Краска прилила к щекам, и я накрыла их ладонями. По комнатке разнесся тихий шелест шагов по земляному полу. Подол платья Яги быстро потемнел.
– Иди сюда. – Яга опустилась на лавку и похлопала рядом с собой. – В ногах ведь правды нет.
Я прошла мимо стола с разложенными пучками трав. Наметанным глазом сразу нашла ромашку, иван-чай и душицу. Полынь услышала, а не увидела. Ее стойкий, крепкий аромат отдавал горечью на языке. Или не полынь была тому виной, а чувства, обуявшие меня?
На длинной лавке места было предостаточно, но я, отчего-то робея, опустилась не рядом с Ягой, а поодаль. Та подождала немного, а затем водрузила на лавку между нами свечу, как пограничное знамя, отделяющее одно княжество от другого. Свеча покачнулась в плошке, зашипела обиженной кошкой и потухла. Прежде чем я успела испугаться упавшей на нас темноты, раздались тихие щелчки. Миг, и свеча снова вспыхнула мягким, уютным огнем. Лучи света поползли по стенам, разгоняя тени по углам. Яга перестала щелкать пальцами и спрятала изящные ладони в широкие рукава бархатного платья.
Я с запозданием поняла, что не видела в руках Яги огнива, когда мы спускались по лестнице. Сдается мне, ведьме оно и ни к чему.
– Я была юной девицей, невестой на выданье, когда ведьмовская кровь заявила о себе.

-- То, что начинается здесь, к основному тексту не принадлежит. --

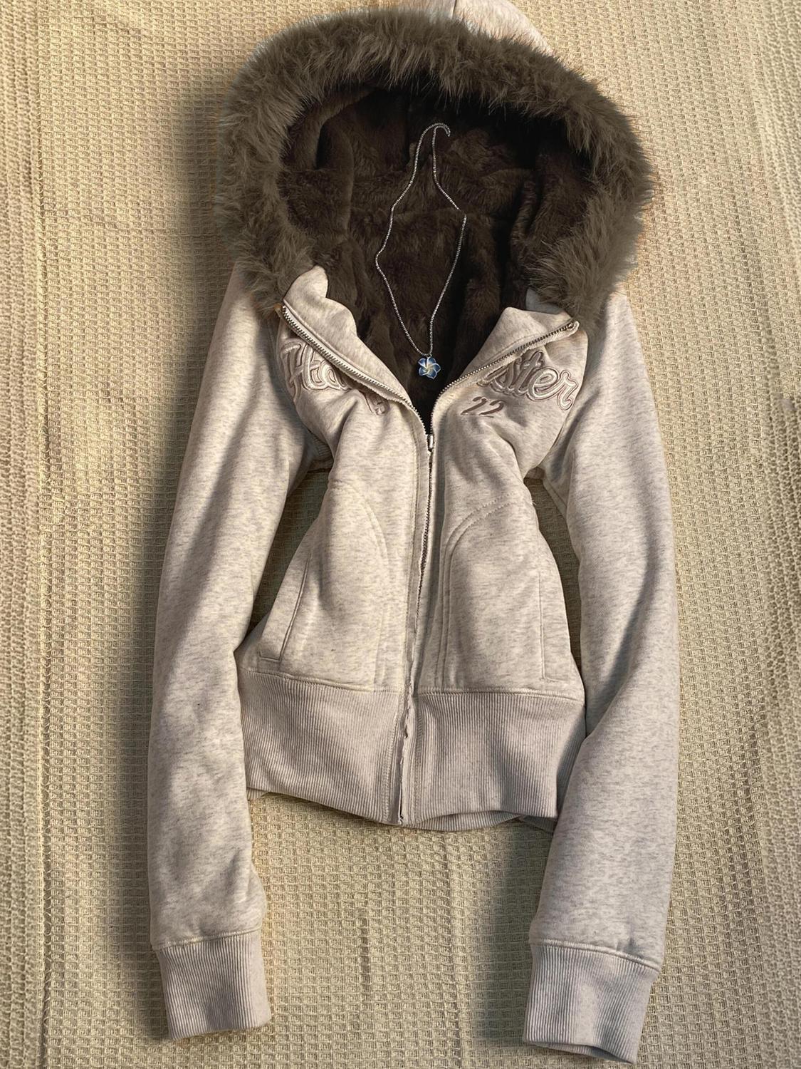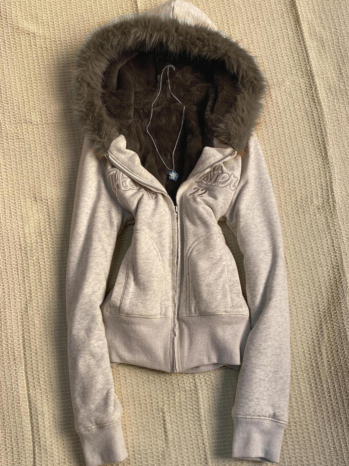 淡いグレーに刺繍ロゴが映える、韓国ストリート感満載のフーディーアウター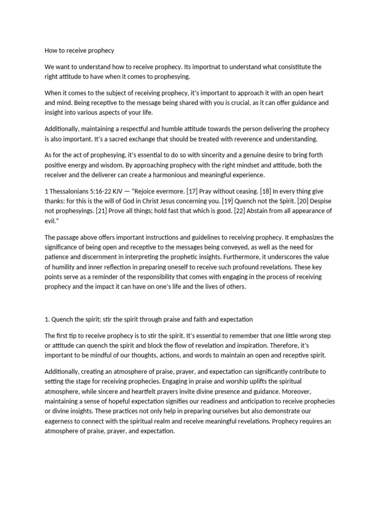 The passage above offers important instructions and guidelines to receiving prophecy. It emphasizes the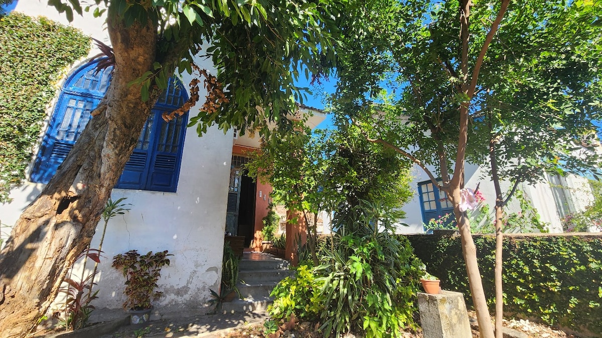 No bucólico bairro de Sta. Teresa, em muito arborizado terreno de 1000m² sobre dois níveis, no inferior se situam 2 unidades totalmente independentes que dividem jardim e piscina: Este Studio e o Ap (outro anuncio). Com vista do Cristo (Corcovado), montanha e Sambódromo (desfiles de Carnaval), estamos defronte a antiga igrejinha e ao lado de pracinha familial c/ bistrôs. Em casarão colonial e acesso independente, no platô superior residem os proprietários, sempre disponíveis para uma ajuda.
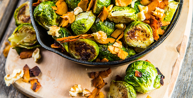 Bacon-everything is a trend that seems to be here to stay. Hop on the bacon and Brussels sprouts train—plant-based of course. Chef Morgan’s coconut bacon adds flavor and crunch to these roasted Brussels sprouts.
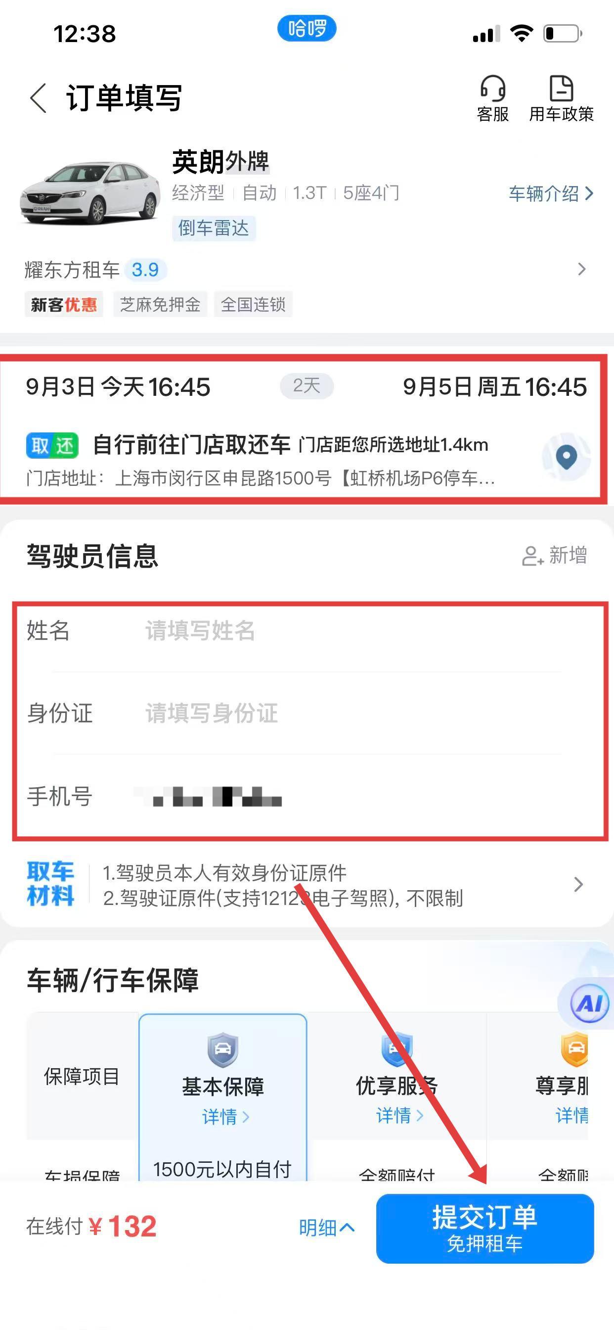 4、填寫駕駛員信息,點擊提交訂單,完成租車預訂。

Да громко так заявила… – Губы моей собеседницы, не тронутые соком ягод, но и без того алые и мягкие, искривились в невеселой усмешке. – Напугалась я тогда знатно. Собрала в котомку пожитки и, как и ты, отправилась к ведьме лесной – хозяйке костяной избы.
– Матушка прежде жила здесь? – вырвалось у меня.
Я как-то по-новому, с затаенным трепетом, въевшимся в кожу укусами мошкары, обвела взглядом комнатку. Стол, сундук, лавка… Были ли они тут еще при матушке или появились позже? Если я коснусь гладко обструганного дерева, смогу ли унять тоску по своей утрате, увидеть матушку через рябь ушедших лет?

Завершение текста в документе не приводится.